Como naquele tempo havia o Banco da Lavoura ali na Praça
Sete (o meu padrinho Aristeu até me deu um cofrinho para
coletar as raras moedas), para mim esta coisa de dinheiro em
banco deveria estar relacionada com fazenda, produção
agrícola, sei lá. Quando nós íamos comprar alguma coisa na
farmácia do seu Castro (que depois virou Cristo Rei), ali na
praça Doze, nem era preciso dizer o nome do remédio. Ele
olhava o bilhete da minha mãe, embrulhava e já botava na
conta. Fim do mês apareciam as notinhas e um total na caixa
do correio, era só passar lá e pagar. Muito tranqüilo.
Mas, voltando aos sapatos, quando eles furavam a sola,
o que devia acontecer de dois em dois meses, pela atividade
insana a que eram submetidos, e chovia, a solução
desenvolvida por minha mãe era dobrar umas folhas de jornal
e colocar por dentro, para proteger a meia. Então, lá ia eu,
pasta de couro nas mãos, em direção ao Grupo, com sapato
de sola de jornal.
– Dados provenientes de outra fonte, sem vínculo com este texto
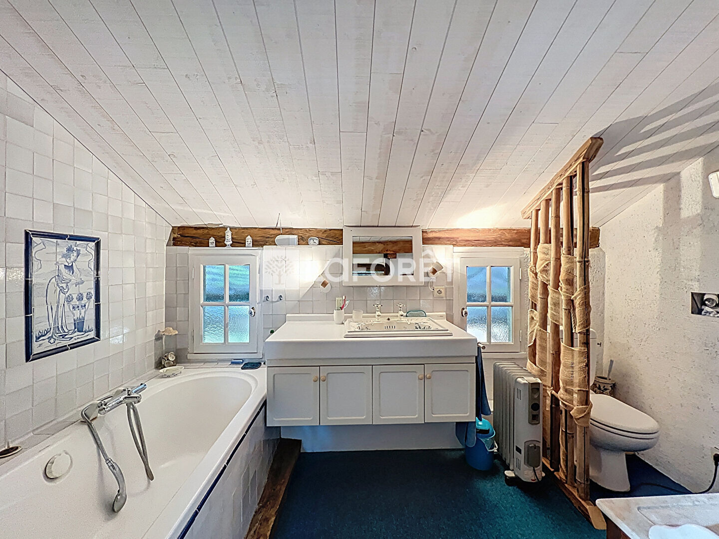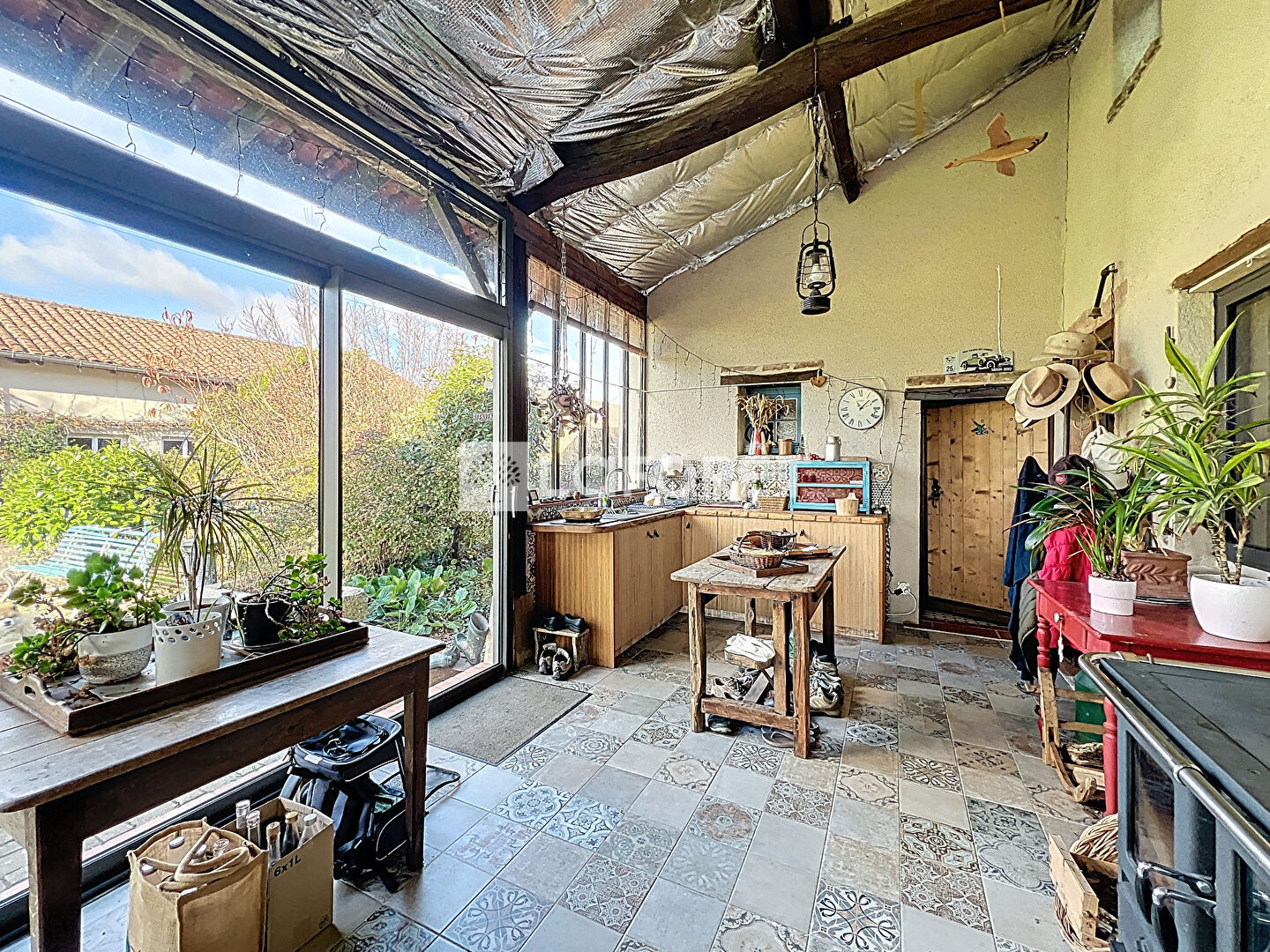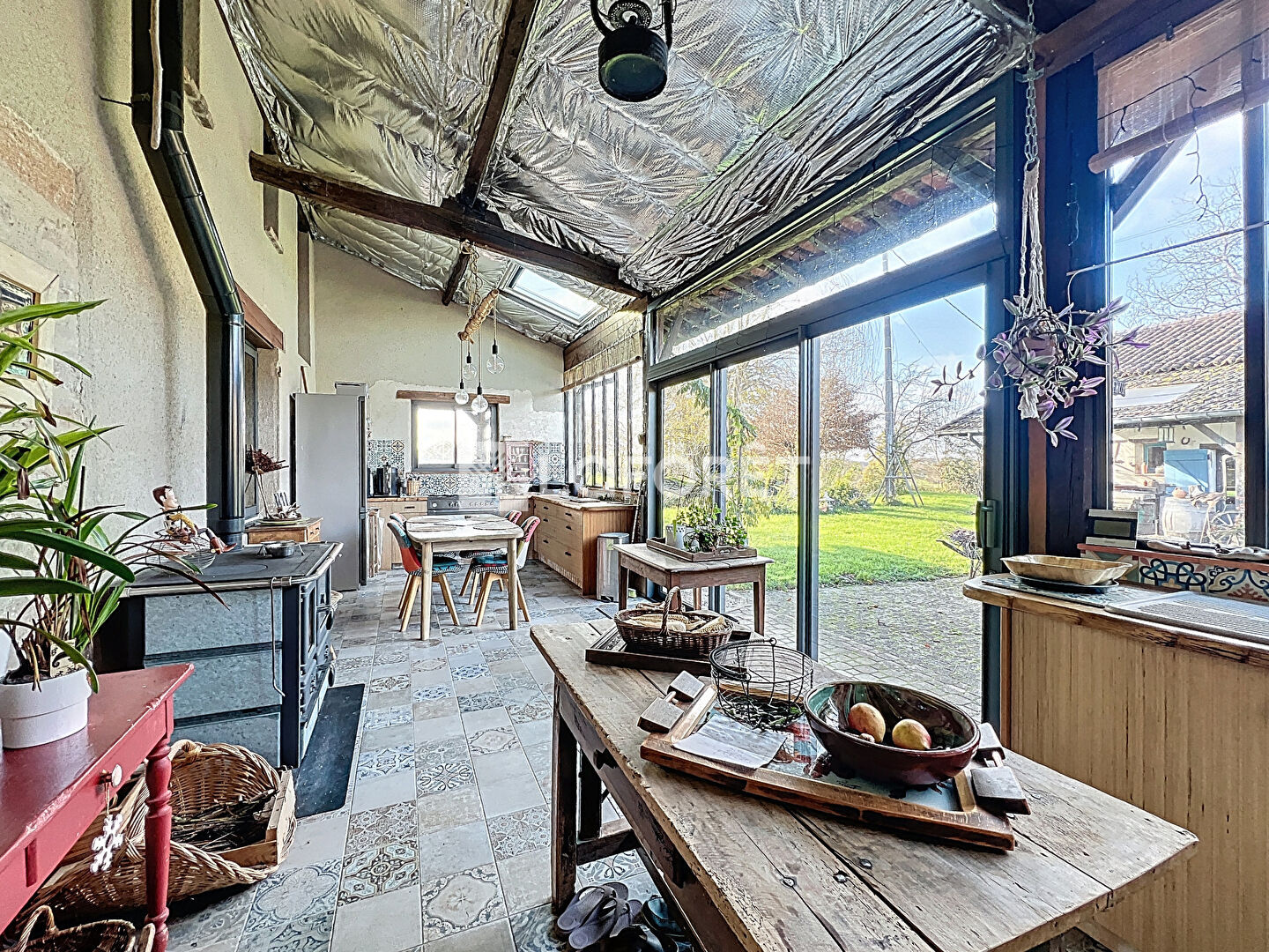 Coté techniques : Fenêtres double vitrage ALU, Chauffage poêle à bois et convecteurs, Panneaux Photovoltaïques.
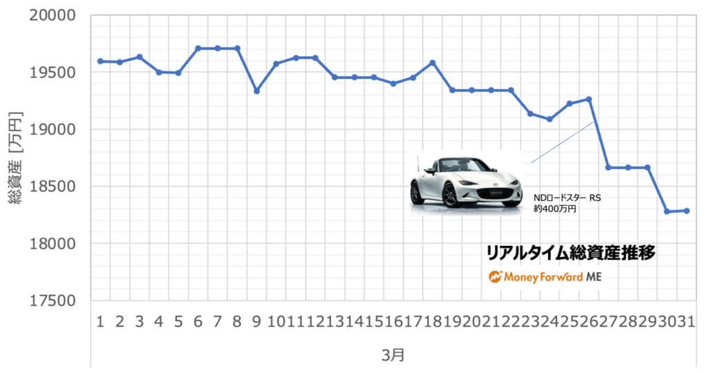 上図は日毎の総資産推移を示したものです。3月はいいところがほとんどなく、緩やかに資産が減少していきました。終盤で大きく下がっているところは前述の自動車支払いをした日です。
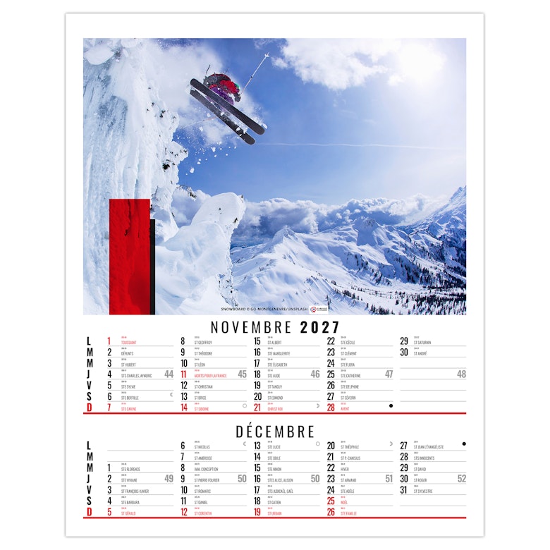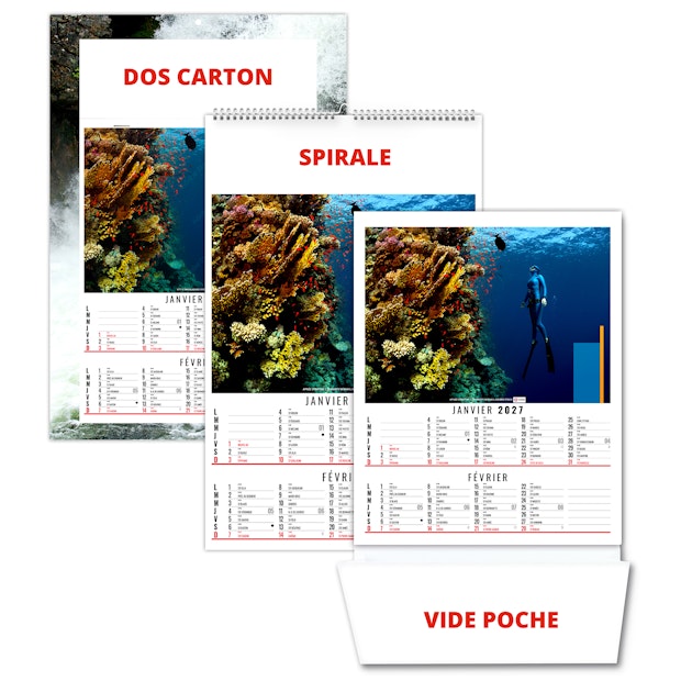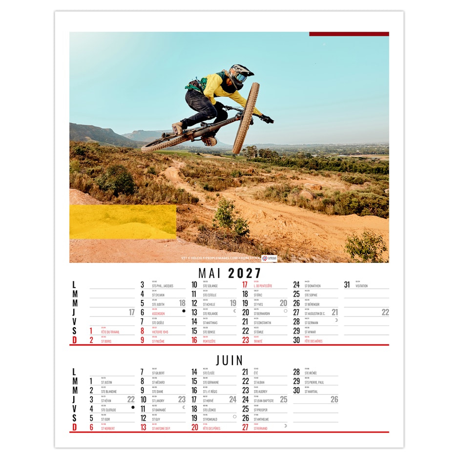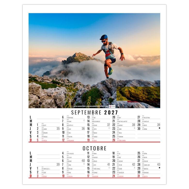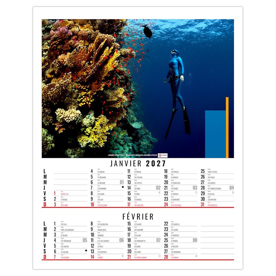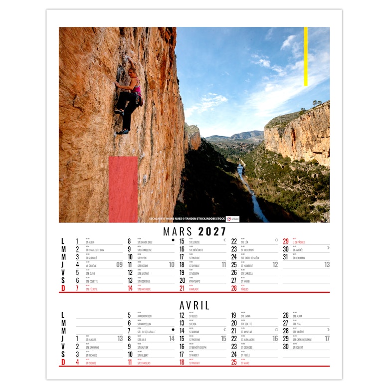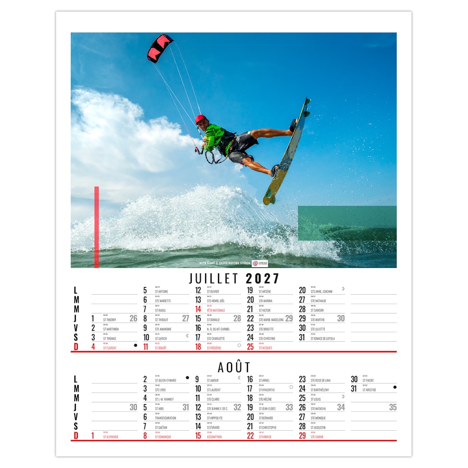 Calendrier illustré de 6 photos de sports extrêmes comme la plongée en apnée, l'escalade à mains nues sur roche, le kite surf, le Trail, le VTT de descente ou encore le ski hors piste. Nous vous en proposons quelques uns dans ce bloc illustré qui existe également en dos vide-poche et en calendrier spirale. Photographies Adobe stock.
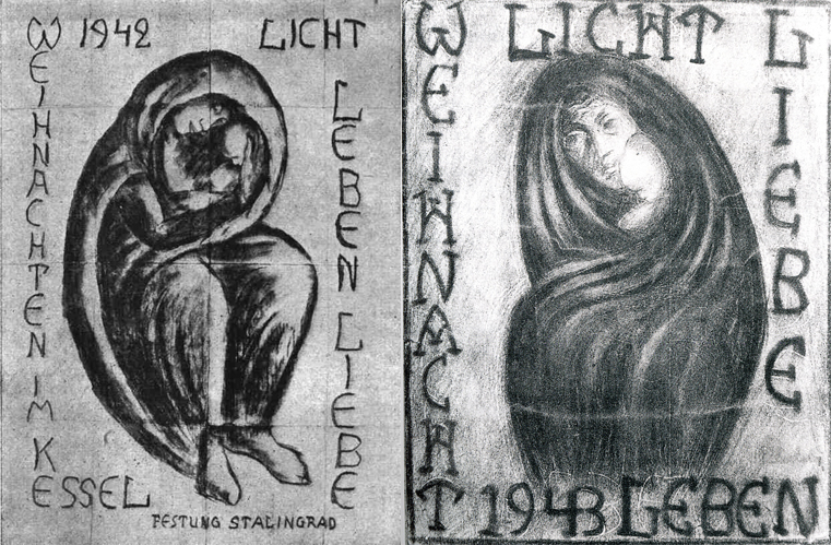 Das erste entstand im Kessel von Stalingrad. Am Heiligen Abend 1942 bereitet Reuber dort seinen Kameraden eine eindrucksvolle Freude. Als die Männer den schützenden Bunker zur einsamen Weihnachtsfeier betreten, stehen sie gebannt, andächtig und ergriffen vor dem Bild einer Mutter mit Kind (Bild links). In sanften Linien umgibt der Mantel die beiden Gestalten. Mit menschlich kaum nachvollziehbarer Kühnheit setzt der Künstler dem Kessel von Stalingrad, dem Inbegriff von Dunkelheit, Tod und Hass, eine zarte Szene entgegen: Der Mantel ist wie ein bergender, schützender Kreis, und die Gesichter von Maria und dem Neugeborenen erscheinen den Betrachtenden in inniger Zuneigung. Hier sammelt sich der Blick. Daneben die Lettern „Licht, Leben, Liebe“. – Das Bild wurde später unter dem Namen „Madonna von Stalingrad“ bekannt und zu einem Symbol der Versöhnung.
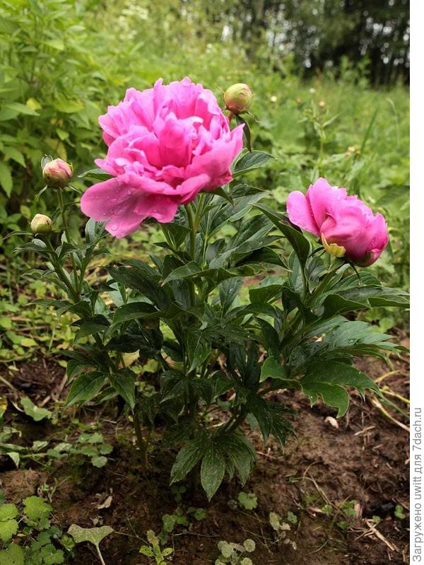В прошлом году я собрала почти все сорта пионов в пионарии — довольно большой участок земли в 1,5-2 сотки земли. 'Принцесса Маргарет' также была перенесена с огромным комом земли на новое место, дабы не жертвовать первым цветением в этом году.

Morria de vergonha. Por que os pais teimam
em matar os filhos de vergonha?
No Grupo, escondia os pés. No recreio, nada de ficar
mostrando a sola do sapato assim sem essa nem aquela. Se
Dona Natália Lessa chamasse para a ginástica, o jeito era
alegar resfriado, para ficar só olhando. Já imaginou? Se alguém
me vê de sapato com sola de jornal, eu estaria perdido. Hoje
penso que era uma solução bastante criativa para o problema
dos pés. Os sapatos deveriam ficar mais leves e mais macios
do que com sola de couro. As minhas filhas, quando conto
isso, acham um absurdo. Opinião de meninas criadas em outro
mundo. Shinobu Kasahara, que me contou ter tido esta mesma
experiência em Campinas, certamente concorda comigo.